The Kansas City Star: “College to make spending data open on Web”

    Terry A. Calaway, college president, said it is a way to make college spending more transparent for taxpayers.

    One state legislators who pushed for the creation of this service was former Kansas Rep. Ben Hodge of Overland Park.

    Hodge, a member of the Johnson County Community College Board of Trustees, left the Legislature in May, but he pushed the concept at the college.

    The state took two years to develop its site, Calaway said, and the college has been working on its project only a few months. He said officials want to be careful about the content it puts online so no one’s privacy is invaded.

    For example, he said, many students pay college tuition and fees with credit cards. It wouldn’t be appropriate, he said, for those credit card numbers to show up on a Web site. The site eventually will show sources of revenue as well as spending.

    “The next best thing to a smaller budget is more sunshine so that taxpayers can begin to see where their money is going,” Hodge said.

    Hodge believes the community college is the first local government in Kansas to provide this service. The college will spend about $143 million in its current fiscal year. General budget information is already online at the college Web site, www.jccc.edu, but is not searchable.

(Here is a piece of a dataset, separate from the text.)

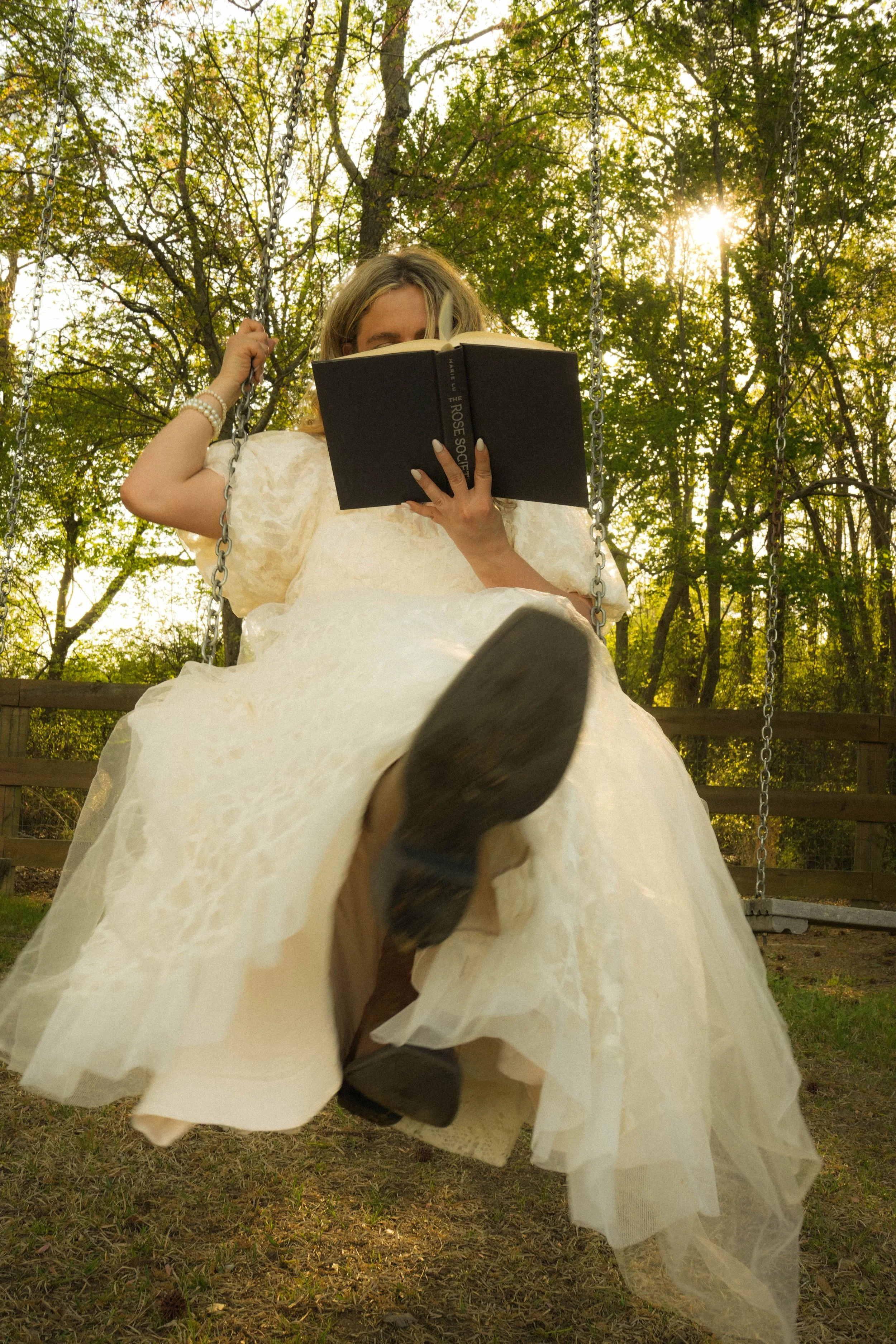 A woman in a wedding dress sitting on a swing, reading a book outdoors during sunset.

Gardner News: “JCCC’s finances to appear online”

    When Johnson County Community College writes a check for products or services, Ben Hodge wants local taxpayers to have the ability to find out to whom and where that money is going. Early next year,taxpayers will get that chance when the college creates an online searchable, itemized database for expenditures.

    As a former Kansas state legislator and member of the Johnson County Community Board of Trustees, Hodges has pushed to make government more financially accountable at the state and local levels.

    “You usually have to drag governments into doing this,” Hodges explained.

    However, when Hodges presented the idea to the board of trustees, the college’s president, Terry A. Calaway, “picked up the ball and ran with it,” Hodges said.

    The initiative will cost taxpayers an estimated $25,000, but Hodges said that’s a small slice of JCCC’s $143 million annual budget.

    “I’m of the opinion that before any new tax should be raised or created anywhere that we should justify current expenses,” Hodges said. “… I believe this is a service to the taxpayers. With technology the way it is today, this is very doable. It’s a doable project.”

KansasLiberty.com: “JCCC offers ‘transparency 101”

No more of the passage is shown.